CD11c+ DCs are essential for de novo induction of Foxp3 expression in CD4+ T cells. A total of 1 × 106 DO11×RAG2KO CD4+ splenic T cells was adoptively transferred i.v. into BALB/c (A) or CD11c-DTR-eGFP (B) recipients (DC sufficient or deficient) that were tolerized or not to inhaled OVA (n = 4–6 mice/group). Data shown are mean ± SEM and representative of three independent experiments. (C and D) OVA-tolerized DC-sufficient and DC-deficient CD11c-DTR-eGFP mice were immunized with OVA/CT and subsequently challenged with OVA. Twenty-four hours after the last challenge, various parameters of inflammation were analyzed (n = 3 or 4 mice/group). Data shown are mean ± SEM and are representative of two independent experiments. (D) Histological examination of lung sections stained with periodic acid–Schiff (original magnification ×20). Scale bar, 100 μm. **p<0.01, ***p< 0.005.

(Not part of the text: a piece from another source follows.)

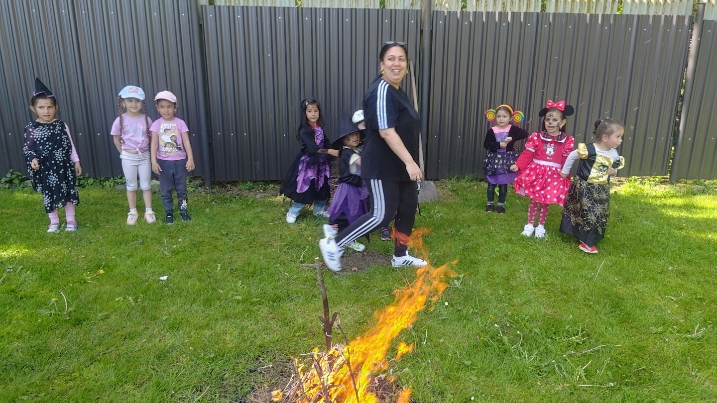 Děti mohly dovádět společně s dětmi z mateřské školy na zahradě. Vyrobily společně čarodějnici, kterou upalily na připraveném ohništi.

Next, when tested for the ability to mount tolerance by immunizing with OVA and CT (13, 14), DC-sufficient CD11c-DTR-eGFP mice showed signs of tolerance: the total cell numbers and numbers of granulocytes were low compared with nontolerized mice and were similar to the low numbers found in nonchallenged or naive mice (Fig. 1C). However, the DC-depleted mice failed tolerization, as evident upon sampling bronchoalveolar lavage fluid (BALF) (Fig. 1C) and examining lung histology (Fig. 1D).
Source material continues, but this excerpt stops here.